Following a mixed results in the fourth quarter report, Jon Gray, Blackstone (New York stock market :Bx) chairman and COO, said Thursday that headwinds from rising interest rates led to a “challenging” quarter for segments of the real estate sector.
However, Gray said CNBC that over the longer term, the higher cost of capital would limit the amount of new supply that can come to market. “It’s a tailwind for real estate,” he said.
“We adjusted that [higher interest rates] in our portfolio with higher capitalization rates. But when you look into asset classes, it’s really dramatic. The differences if you look at the US office market, they can see subletting today is north of 20% and rents are going down, and that’s a very tough industry,” Gray added.
Given the challenging market conditions in 2022, the company has deployed most of its capital in travel and travel-related businesses, logistics, its hedge fund operations, quantitative and macro investments, energy and energy transition, Gray reported.
In its results, the company’s earnings rose 8% in the fourth quarter, with assets under management up 11%. Segment performance: Real Estate – Opportunistic -2.0%; Heart -1.5%; Private Equity – Corporate Private Equity +3.8%; Tactical Opportunities +0.6%; Secondary -1.8%; Hedge Fund Solutions – +2.1%; Credit & Insurance – Individual Credit +2.4%; Liquid Credit +3.0%.
However, the alternative asset manager fell short of its expectations of reaching $1 trillion in assets under management by the end of 2022. It reported assets under management of $975 billion, compared to $951 billion in the previous quarter.

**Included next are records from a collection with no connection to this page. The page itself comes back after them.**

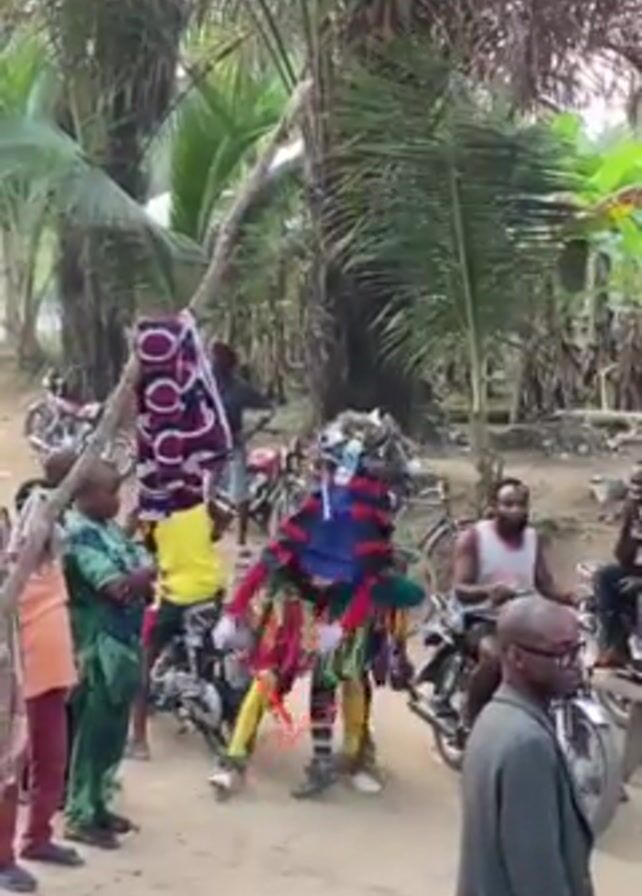 person dressed in a colorful costume and mask dancing among a crowd of people. The dancer wears a blue and red striped shirt, yellow leggings, and elaborate headdress decorated with what appear to be white balls. The crowd consists of people of different ages and genders, some dressed in casual wear like t-shirts and tank tops, and others in more formal attire like suits. Some individuals are standing by motorcycles, and a flag with circular patterns hangs from a tree branch. The setting seems to be an outdoor area with sandy ground, surrounded by palm trees and other tropical vegetation.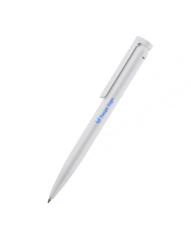 Klasyczna biała obudowa i niebieski wkład podkreślają uniwersalny charakter długopisu, który doskonale wpisuje się zarówno w profesjonalne środowisko pracy, jak i codzienne użytkowanie.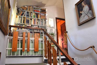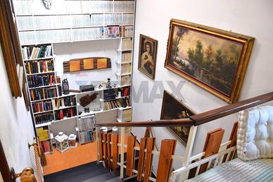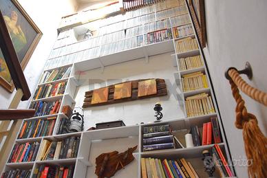 Qui, sulla sinistra: la bella e arredata scala con libreria fino al tetto per il piano notte con sottoscala sfruttabile!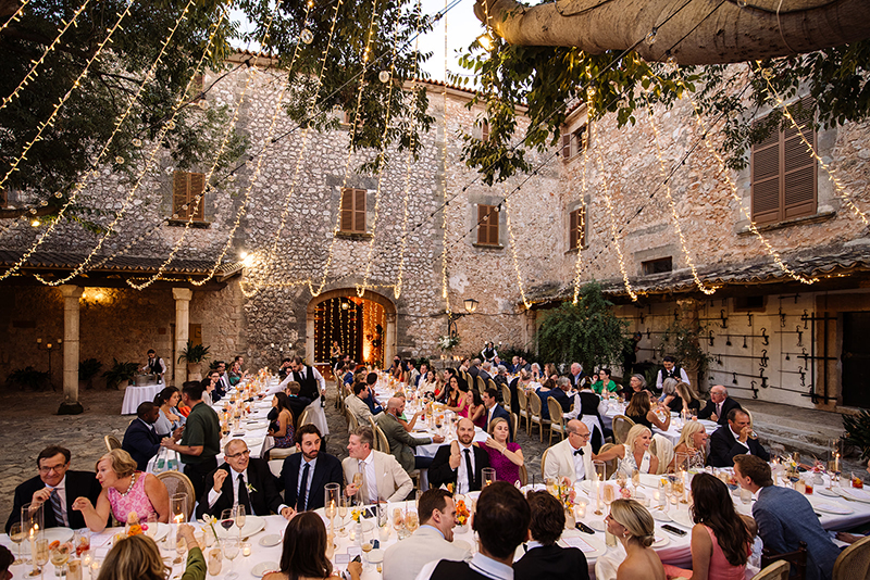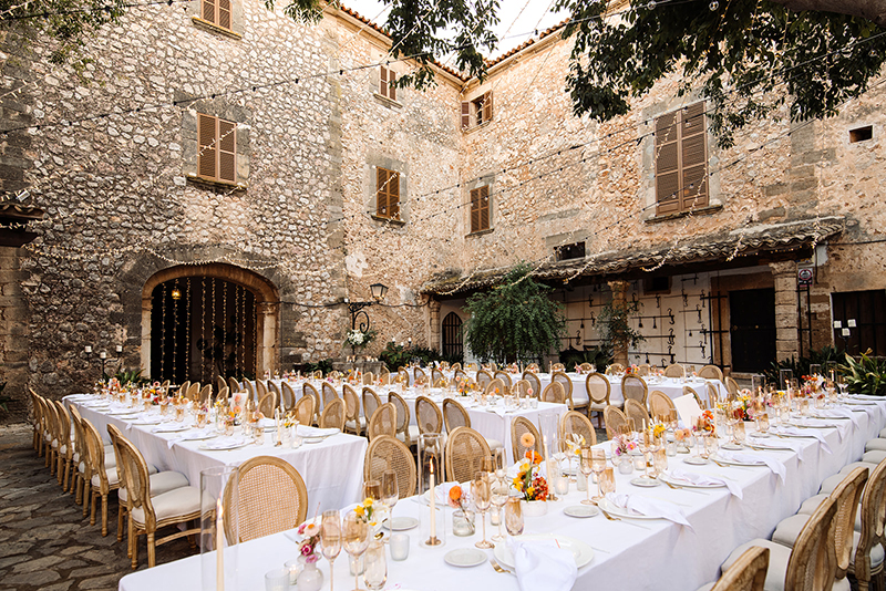 It is a lovingly restored finca (traditional Mallorcan country house) that showcases the perfect blend of traditional architecture and modern elegance. Upon arrival at the venue, you will be immediately enchanted by its authentic stone walls, wooden beams and extensive gardens. The serene ambiance and picturesque views create a serene and enchanting atmosphere, setting the stage for an unforgettable wedding.
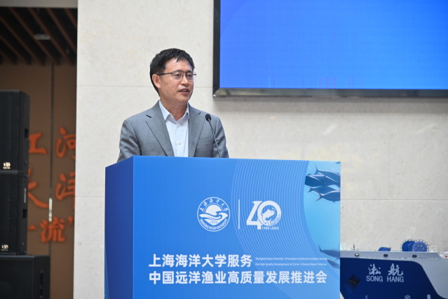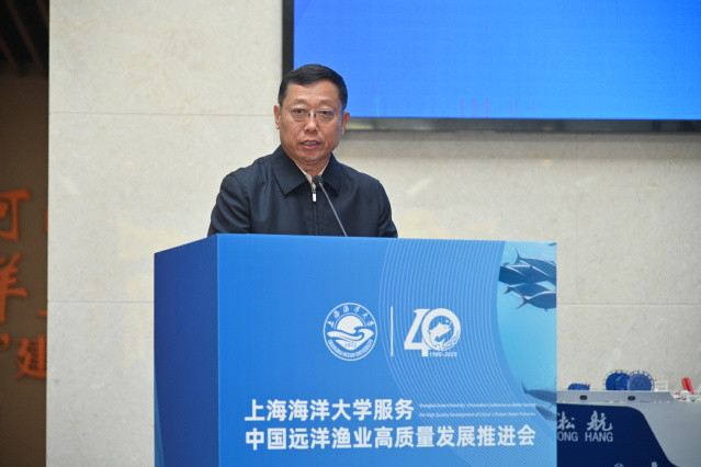 张显良致辞,他表示中国远洋渔业正面临着新的机遇和挑战。随着全球海洋经济的快速发展和国际渔业资源竞争的加剧,希望上海海洋大学以更高的站位、更宽的视野、更大的格局推动远洋渔业的发展。

As for the stock move, BX was trading at $92.49 in Thursday’s intraday action, up more than 4% on its earnings report.
Looking further ahead, equities have lost around 17.3% over the past 12 months, although they have rebounded with 21% gains so far in 2023.
In the meantime, see why Seeking Alpha contributor Samuel Smith says: “Investors will generally be drawn away (and valuations fall) from BX’s real estate and private equity products as interest rates rise.”